- **What you are asked to do**: Please output exactly the part of the records below that opens with the line containing "1000020656.mp4 (Собака помогает" and closes with the line containing "2.给草地图层添加【色彩平衡】并创建剪贴蒙版。", both lines included, and nothing else.

- **Input material**:

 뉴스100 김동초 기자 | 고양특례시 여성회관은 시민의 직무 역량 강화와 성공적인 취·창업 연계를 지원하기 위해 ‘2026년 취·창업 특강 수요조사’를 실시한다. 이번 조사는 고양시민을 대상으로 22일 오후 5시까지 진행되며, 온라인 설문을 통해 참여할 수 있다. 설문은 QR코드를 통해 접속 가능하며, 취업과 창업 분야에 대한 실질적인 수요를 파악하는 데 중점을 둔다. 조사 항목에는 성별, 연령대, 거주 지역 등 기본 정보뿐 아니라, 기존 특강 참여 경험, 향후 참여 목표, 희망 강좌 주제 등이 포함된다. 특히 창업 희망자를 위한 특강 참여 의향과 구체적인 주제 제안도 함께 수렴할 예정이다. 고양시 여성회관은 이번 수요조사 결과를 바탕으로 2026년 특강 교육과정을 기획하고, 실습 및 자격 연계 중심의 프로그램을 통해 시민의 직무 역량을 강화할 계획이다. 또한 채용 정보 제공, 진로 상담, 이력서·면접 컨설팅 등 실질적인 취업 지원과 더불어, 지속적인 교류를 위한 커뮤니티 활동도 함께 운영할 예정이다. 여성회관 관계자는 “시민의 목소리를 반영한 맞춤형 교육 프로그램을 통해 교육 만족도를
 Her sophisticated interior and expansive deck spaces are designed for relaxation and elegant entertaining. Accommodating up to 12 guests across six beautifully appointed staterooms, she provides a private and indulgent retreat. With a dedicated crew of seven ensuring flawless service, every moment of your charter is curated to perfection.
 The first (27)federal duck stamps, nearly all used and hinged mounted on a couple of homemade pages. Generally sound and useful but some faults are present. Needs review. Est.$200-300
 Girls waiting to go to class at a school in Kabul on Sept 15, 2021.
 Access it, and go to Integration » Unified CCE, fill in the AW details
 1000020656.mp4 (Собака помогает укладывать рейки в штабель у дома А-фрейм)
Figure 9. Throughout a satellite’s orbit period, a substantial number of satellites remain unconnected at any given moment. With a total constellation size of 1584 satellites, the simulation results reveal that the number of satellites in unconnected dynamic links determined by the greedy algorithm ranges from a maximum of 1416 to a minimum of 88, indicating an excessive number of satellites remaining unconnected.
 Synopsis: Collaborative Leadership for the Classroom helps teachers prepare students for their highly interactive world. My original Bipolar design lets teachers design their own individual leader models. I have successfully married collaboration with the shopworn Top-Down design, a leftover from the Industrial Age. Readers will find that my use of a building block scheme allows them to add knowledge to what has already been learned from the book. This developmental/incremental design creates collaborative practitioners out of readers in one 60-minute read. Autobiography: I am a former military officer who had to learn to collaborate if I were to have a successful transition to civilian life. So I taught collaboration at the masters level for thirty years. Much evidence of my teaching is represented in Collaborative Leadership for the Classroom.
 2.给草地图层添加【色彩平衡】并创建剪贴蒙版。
---
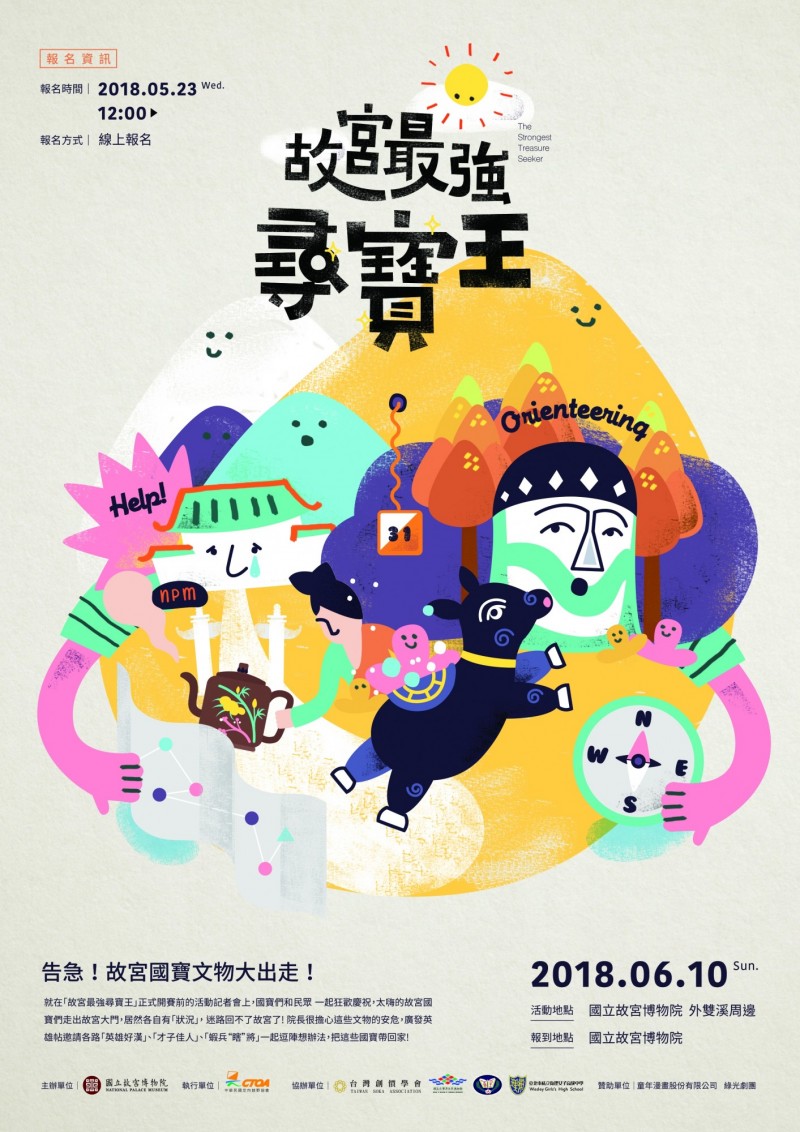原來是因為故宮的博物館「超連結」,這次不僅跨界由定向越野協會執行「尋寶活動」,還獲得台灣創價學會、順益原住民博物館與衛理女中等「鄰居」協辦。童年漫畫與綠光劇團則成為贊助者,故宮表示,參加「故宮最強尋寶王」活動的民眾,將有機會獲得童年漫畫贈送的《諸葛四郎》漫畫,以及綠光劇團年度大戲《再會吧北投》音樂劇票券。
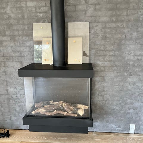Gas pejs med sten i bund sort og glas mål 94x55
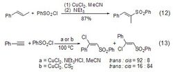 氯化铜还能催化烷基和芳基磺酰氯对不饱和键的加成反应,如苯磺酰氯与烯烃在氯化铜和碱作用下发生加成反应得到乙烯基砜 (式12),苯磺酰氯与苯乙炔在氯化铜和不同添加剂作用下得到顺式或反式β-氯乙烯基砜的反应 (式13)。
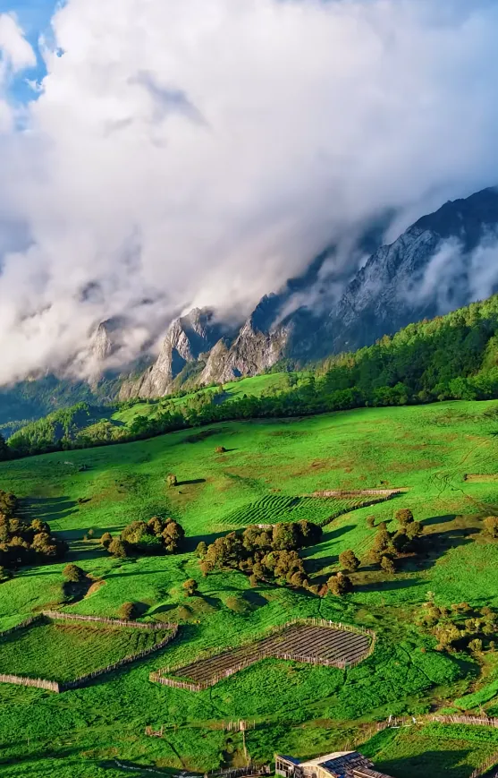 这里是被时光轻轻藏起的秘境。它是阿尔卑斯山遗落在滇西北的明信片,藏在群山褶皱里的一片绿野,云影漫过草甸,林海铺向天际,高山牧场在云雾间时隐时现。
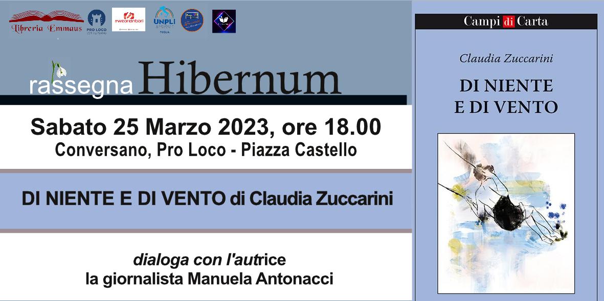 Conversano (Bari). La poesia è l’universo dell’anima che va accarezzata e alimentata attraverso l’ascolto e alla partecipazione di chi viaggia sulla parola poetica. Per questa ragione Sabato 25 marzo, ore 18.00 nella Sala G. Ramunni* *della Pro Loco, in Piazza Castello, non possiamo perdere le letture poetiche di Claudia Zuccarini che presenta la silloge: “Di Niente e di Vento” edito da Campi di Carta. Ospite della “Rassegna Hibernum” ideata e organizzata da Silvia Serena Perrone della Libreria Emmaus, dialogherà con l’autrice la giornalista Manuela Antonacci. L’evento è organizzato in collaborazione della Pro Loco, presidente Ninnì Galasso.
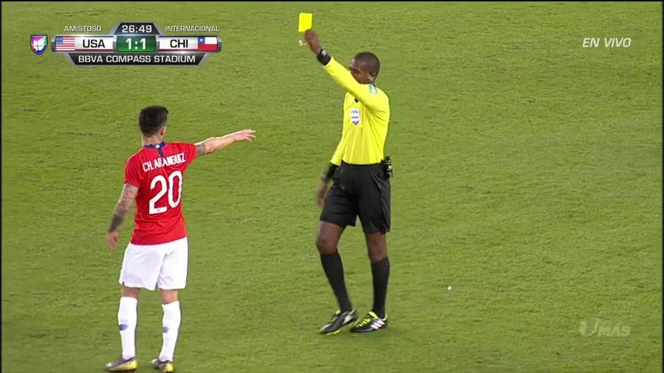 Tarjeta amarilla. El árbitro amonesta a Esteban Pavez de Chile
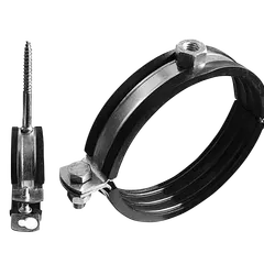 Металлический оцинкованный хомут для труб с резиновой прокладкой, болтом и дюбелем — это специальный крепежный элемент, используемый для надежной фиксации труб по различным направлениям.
==
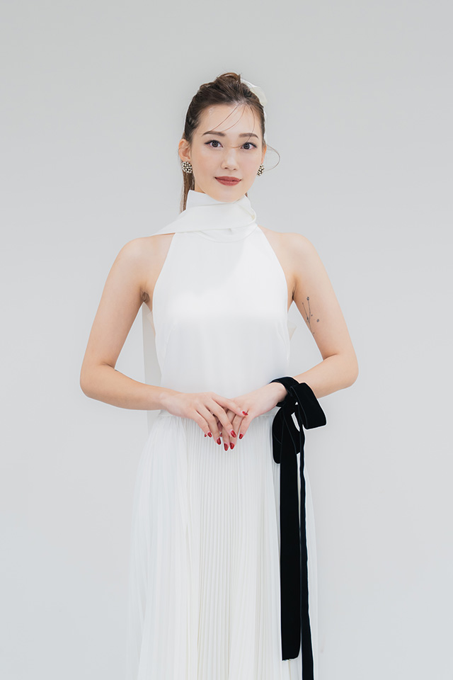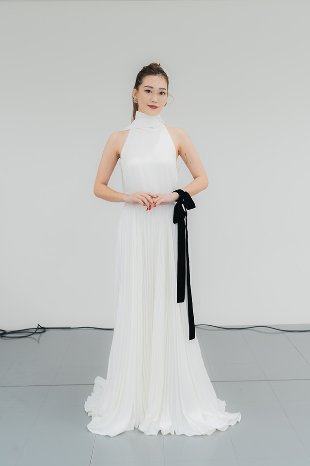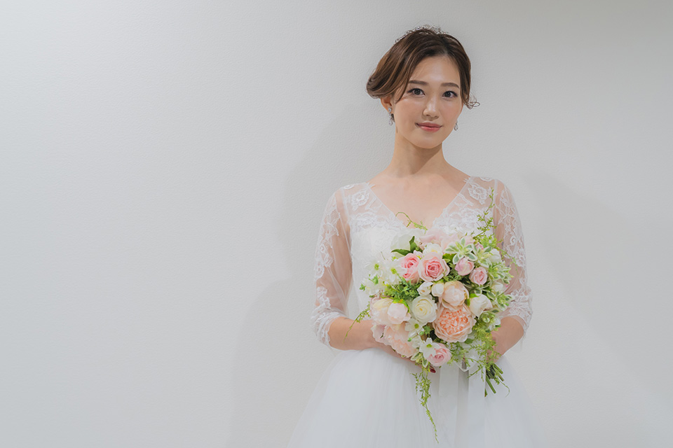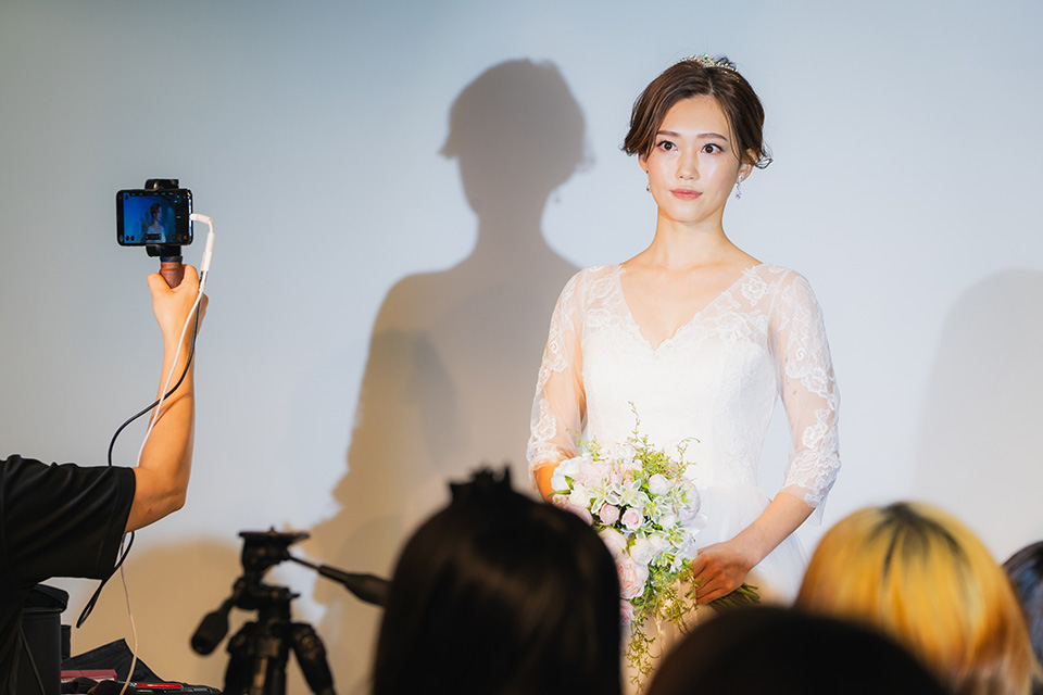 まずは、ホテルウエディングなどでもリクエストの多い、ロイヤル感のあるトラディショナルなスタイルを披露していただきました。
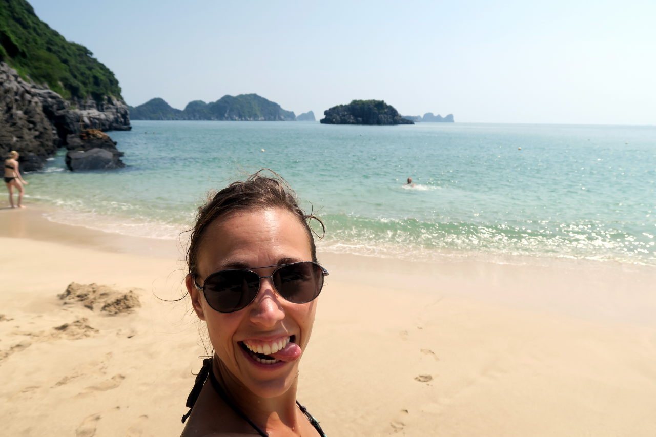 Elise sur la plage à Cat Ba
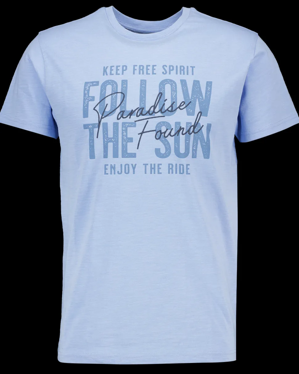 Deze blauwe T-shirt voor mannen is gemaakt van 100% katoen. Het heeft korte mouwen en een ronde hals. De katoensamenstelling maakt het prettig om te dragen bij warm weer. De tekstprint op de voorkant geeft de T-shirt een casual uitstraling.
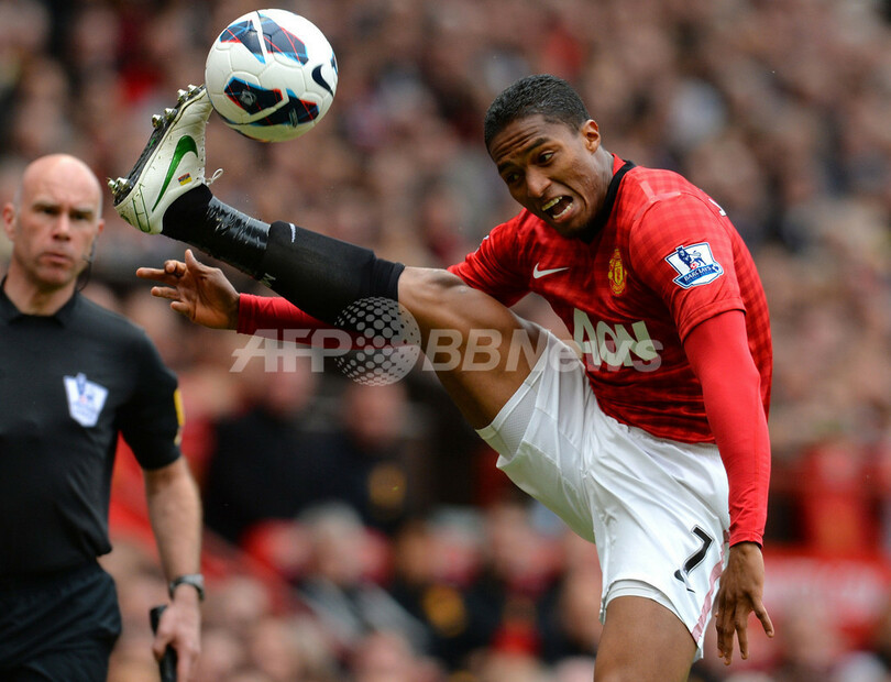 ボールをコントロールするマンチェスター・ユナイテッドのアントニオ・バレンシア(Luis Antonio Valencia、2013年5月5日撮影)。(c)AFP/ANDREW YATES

- **Result below**:
 1000020656.mp4 (Собака помогает укладывать рейки в штабель у дома А-фрейм)
Figure 9. Throughout a satellite’s orbit period, a substantial number of satellites remain unconnected at any given moment. With a total constellation size of 1584 satellites, the simulation results reveal that the number of satellites in unconnected dynamic links determined by the greedy algorithm ranges from a maximum of 1416 to a minimum of 88, indicating an excessive number of satellites remaining unconnected.
 Synopsis: Collaborative Leadership for the Classroom helps teachers prepare students for their highly interactive world. My original Bipolar design lets teachers design their own individual leader models. I have successfully married collaboration with the shopworn Top-Down design, a leftover from the Industrial Age. Readers will find that my use of a building block scheme allows them to add knowledge to what has already been learned from the book. This developmental/incremental design creates collaborative practitioners out of readers in one 60-minute read. Autobiography: I am a former military officer who had to learn to collaborate if I were to have a successful transition to civilian life. So I taught collaboration at the masters level for thirty years. Much evidence of my teaching is represented in Collaborative Leadership for the Classroom.
 2.给草地图层添加【色彩平衡】并创建剪贴蒙版。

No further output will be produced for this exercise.